So, the genome-wide association study (GWAS) data for your disease of interest was published, and it has thrown up some very interesting associations. However, at this stage, bear in mind that this is only an association. Your project is to provide the link between the GWAS single nucleotide polymorphisms (SNP) and pathological changes. Where do you start? What experiments do you need to do?
Here are some pointers to help you on your way to functionally characterize this novel disease-associated region.
What other SNPs Are in Linkage Disequilibrium
In addition to the lead association SNP, there will more than likely be additional SNPs within the linkage disequilibrium (LD) block (an average of 30–70 SNPs per block). Using the Haploreg database, first find out how many SNPs you are working with. Then, look at their impact on either protein primary sequence for exonic variants or any chromosomal landscape characteristics for non-coding variants (histone modifications, DNase hypersensitivity, transcription factor binding, etc.). This gives you clues regarding whether the SNP affects protein sequence or gene expression.
Changes in Gene Expression or in Protein Structure?
SNPs within exons can be either synonymous (no amino acid substitution) or non-synonymous (amino acid substitution). Non-synonymous SNPs can also create missense mutations, nonsense mutations, or can create premature stop codons. Of course, these will all have profound impacts on protein structure and function, leading to pathogenic changes. Consider this before you investigate non-coding SNPs.
SNPs within non-coding regions can influence mRNA stability if they reside within a microRNA binding site (generally within the 3′ UTR). Alternatively, they could affect gene expression if they reside within a genomic region with functional properties (i.e., promoter, enhancer, insulator regions). Altered gene expression can have large or subtle pathogenic effects.
Work out the Affected Gene
If your LD block contains no coding SNPs, then the SNPs likely cause changes in gene expression. However, the dynamic spatiotemporal properties of DNA and chromatin can make things a little more complicated. Keep in mind that the affected gene may not be the one containing, or adjacent to, the associated SNP. In fact, SNPs can influence expression of genes that are positioned megabases away. In the absence of chromosome conformation capture data, which can reveal the interactions of the region, you will need to do some detective work at this stage. Scour the literature for any known roles of nearby genes in your disease of interest. Make use of publicly available gene expression data (e.g., on Genecards, ProteinAtlas, or the GTEx database). You can also quantify expression of surrounding genes in your samples to eliminate any that are not expressed.

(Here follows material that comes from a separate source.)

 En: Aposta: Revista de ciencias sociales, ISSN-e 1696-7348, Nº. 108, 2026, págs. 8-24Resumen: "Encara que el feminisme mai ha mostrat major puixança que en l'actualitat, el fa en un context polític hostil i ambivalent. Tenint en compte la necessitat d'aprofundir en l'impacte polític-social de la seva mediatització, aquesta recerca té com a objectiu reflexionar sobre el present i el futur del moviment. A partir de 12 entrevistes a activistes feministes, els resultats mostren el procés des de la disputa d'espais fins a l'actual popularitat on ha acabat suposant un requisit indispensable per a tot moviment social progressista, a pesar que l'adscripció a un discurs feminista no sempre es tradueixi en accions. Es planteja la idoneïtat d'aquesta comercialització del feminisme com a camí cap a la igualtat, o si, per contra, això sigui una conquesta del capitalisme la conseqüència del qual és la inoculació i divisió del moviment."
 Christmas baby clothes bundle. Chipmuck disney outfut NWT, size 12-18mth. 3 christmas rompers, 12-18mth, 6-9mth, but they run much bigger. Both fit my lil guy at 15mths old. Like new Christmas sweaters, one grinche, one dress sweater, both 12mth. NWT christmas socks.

Is There an Expression Quantitative Trait Loci (eQTL) Operating?
Once you have identified the affected gene, you’ll want to identify the presence of an eQTL: where gene expression is influenced by DNA sequence. You can do this in two different ways. The first is to quantify allelic expression imbalance (or AEI), which is a direct measure of the expression of each allele in heterozygous individuals. However, you can only use this method if there is a transcript SNP. Alternatively you can quantify gene expression in a number of samples and then stratify gene expression in each sample by genotype at the SNP.

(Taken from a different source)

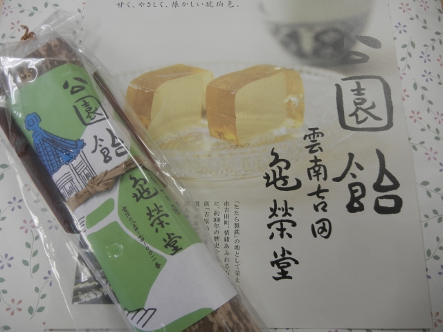 まずは、創業90年の和菓子専門店「吉原亀栄堂」を紹介します。銘菓「公園飴」は、ノスタルジックな琥珀色と趣き深い味わいのロングセラー商品です。ゼリー・飴・羊羹を合わせたような食感が人気で、夏場には冷蔵庫で冷やして食べるのがオススメなのだとか。

Characterize the Impact of the eQTL on the Cell
Depending on the direction of the eQTL (whether the disease-associated allele corresponds with increased or decreased gene expression), manipulate gene expression in a model system and characterize any resulting change in phenotype. You can look at different readouts, such as changes in expression of key transcription factors, apoptotic markers, or differentiation markers.
Find the Functional SNP Identified in the GWAS
Having characterized the eQTL and its effect on the cell, you can add a great deal of impact to your work if you identify the functional SNP. Not only does this provide additional evidence to support your work, but also highlights novel disease-associated pathways that may be of therapeutic interest. You may need to narrow down your search by eliminating SNPs. Use mRNA stability, luciferase reporter, and electrophoretic mobility shift assays to do this experimentally. Back this up with any available bioinformatics data and/or fine mapping of the region.
Investigate the Impact of the Transcription Factor on Gene Expression
If you identify the functional SNP and the microRNA or transcription factor mediating differential expression, you can manipulate expression of this factor in your model system as an additional step to prove your results. If this again results in changes to the eQTL or to gene expression, then once more you have provided further evidence to support your results.
Then, congratulations, you have successfully characterized this novel, disease-associated locus!
Following on from a GWAS can be challenging, but it’s an emerging field of functional genetics and genomics—with real prospects to identify new disease-associated pathways and therapeutic targets. To date, there have been tens of thousands of GWAS SNPs identified, but only a tiny proportion have been followed up on. This is a real bottleneck. I hope that the above template can help you in your own GWAS follow-up study.